Compliance

The Power of Investor Pushback And Regulatory Change. Case Study: Japan

Cathy Brand 20 October 2023

The Power of Investor Pushback And Regulatory Change. Case Study: Japan

Examining the Japanese market, the author of this article looks at how to answer clients when they ask why fund marketing regulations are so complex, vague and often overly restrictive?

The author of this article is Cathy Brand, CEO Sales Road Maps Online Ltd® – someone who has written in these pages before about compliance and strategy in the financial world. The usual editorial disclaimers apply to views of guest contributors. Jump into the conversation! Email tom.burroughes@wealthbriefing.com

 

Cathy Brand

Global Sales Compliance has been tracking the evolutionary development of country fund marketing regulations in 60-plus jurisdictions for more than two decades.  

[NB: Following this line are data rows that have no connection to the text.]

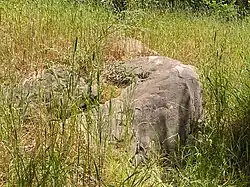 A coarse rhyodacitic intrusive outcrops to the north west of Charnwood intrudes Laidlaw Volcanics, with about half a square kilometre of surface area.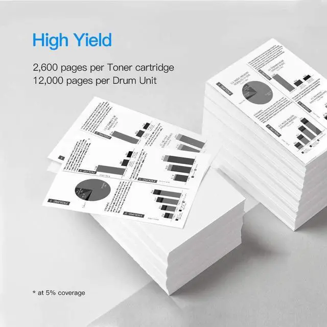 Page Yield: Up to 2,600 pages per black TN660 toner cartridge and 12,000 pages per DR630 drum unit at 5% coverage in accordance with ISO/IEC 19798 (Letter) * A4 is larger than Letter paper and therefore 5% will be more ink on the page on A4 vs letter.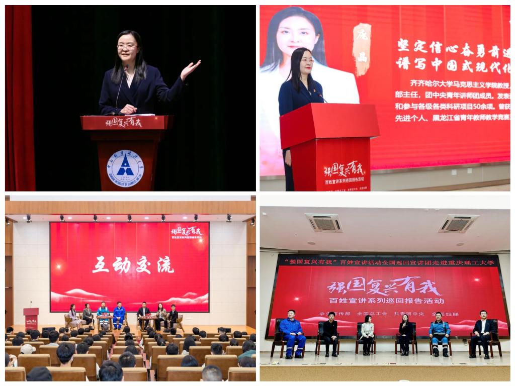 由中央宣传部、全国总工会、共青团中央、全国妇联主办的“强国复兴有我”全国巡回宣讲活动第一阶段宣讲在全国各地分组举行。sunbet申搏马克思主义学院庞晶教授于12月11日至15日参加了浙江、武汉、重庆三省区的宣讲。
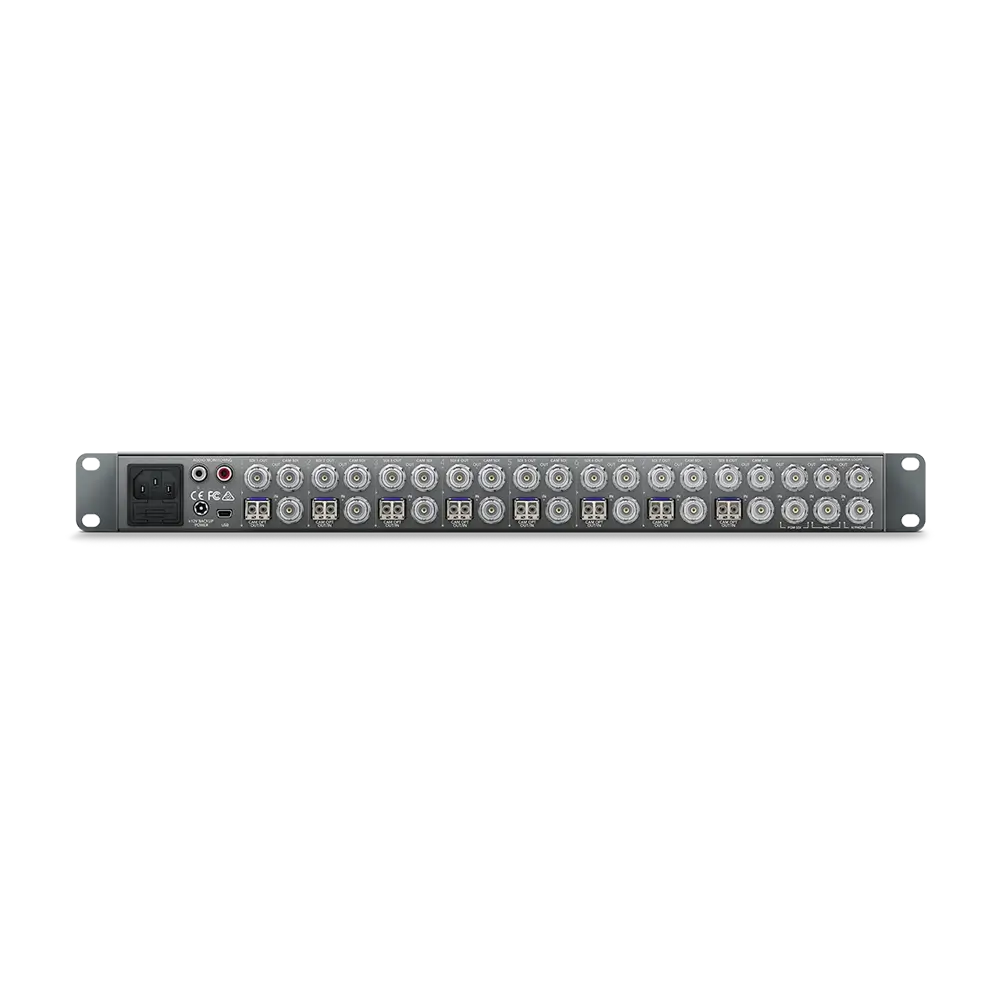 - Cihaz, tüm SD, HD ve Ultra HD formatları için 12G-SDI desteği sunar ve 2160p60’a kadar çözünürlükleri destekler. Her kamera için BNC bağlantıları sağlar ve gerektiğinde kamera mesafelerini uzatmak için optik fiber SFP modülü eklemek amacıyla optik fiber soketi bulunur.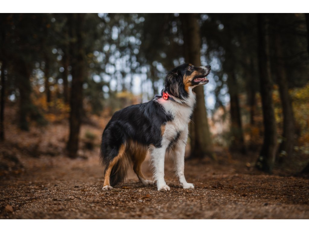 Nabízí dva režimy svícení – stálé světlo a blikání, čtyři výrazné barvy a výdrž až 48 hodin na jedno nabití. Dobití trvá pouhých 90 minut přes USB-A / USB-C kabel, takže světýlko je vždy připravené k použití. S hmotností jen 16 gramů o něm pes ani neví. Světýlko se dá pohodlně připnou jak na obojek, tak i postroj.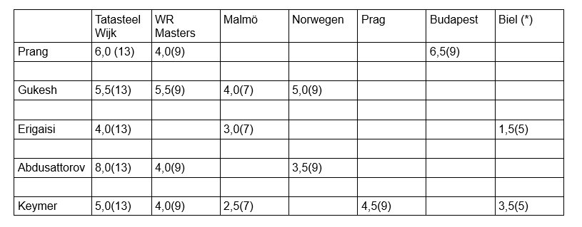 * Zum Zeitpunkt des Erstellens dieser Tabelle lief das Turnier in Biel noch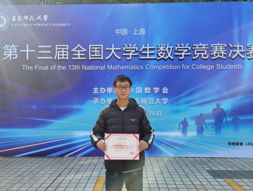 本网讯(通讯员 郭潇)2023年3月24日至26日,由中国数学会主办,华东师范大学承办的第十三届大学生数学竞赛决赛在华东师范大学(闵行校区)举行。在非数学类组中,动漫疯 本科生杨志强同学作为河南省代表进入决赛并荣获全国二等奖的好成绩。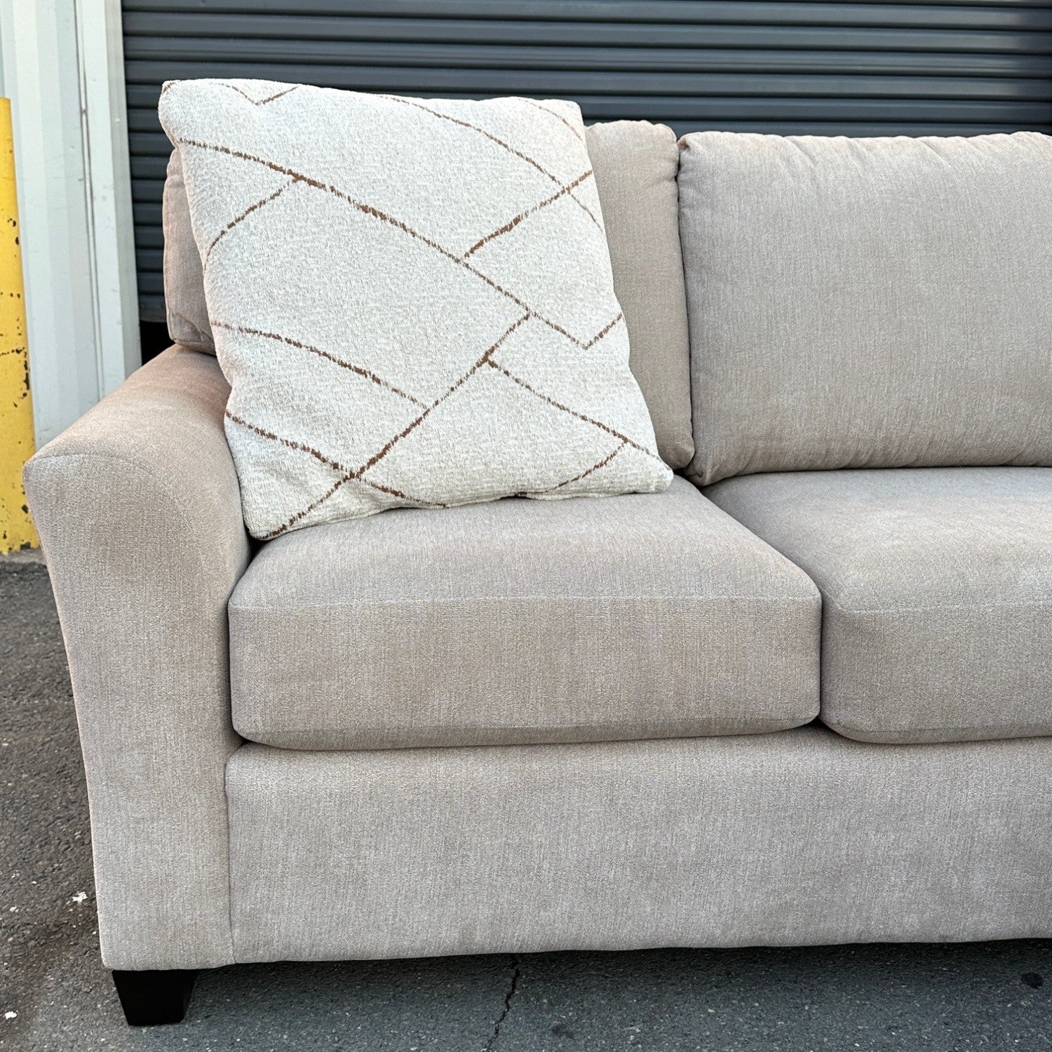 This grey L-shaped sectional is used but in great condition. It features a pull-out bed. The back cushions are attached, and the bottom cushions are removable and washable for easy cleaning. The cushions still have that brand-new firmness and support, showing minimal wear. There are a few small knicks on the back from moving, but nothing major or noticeable. A solid, comfortable piece with tons of functionality and life left in it.

When we advise clients on marketing their funds in numerous jurisdictions, clients frequently ask: “Why”? “Why are fund marketing regulations in a specific jurisdiction so strict/overly complex and/or so vague/grey?” 

Clients ask the “Why Question” to understand why it can be easy for them to comply with fund marketing regulations in some countries but so difficult in others.  

Is the past prologue? 
To understand a country’s current fund marketing regulatory regime, it’s always helpful to understand that country’s historic regulatory regime.

Everyone is familiar with the quote from “The Tempest” by William Shakespeare: “What is past is prologue.”  This phrase refers to the influence that history has on understanding and contributing to context shaping current events. 

When you understand the economic history and cultural influences on the evolutionary development of a country’s fund marketing regulations, you have the context to understand that country’s regulations today.  

One of the countries we have analysed with the most interesting regulatory development is Japan.  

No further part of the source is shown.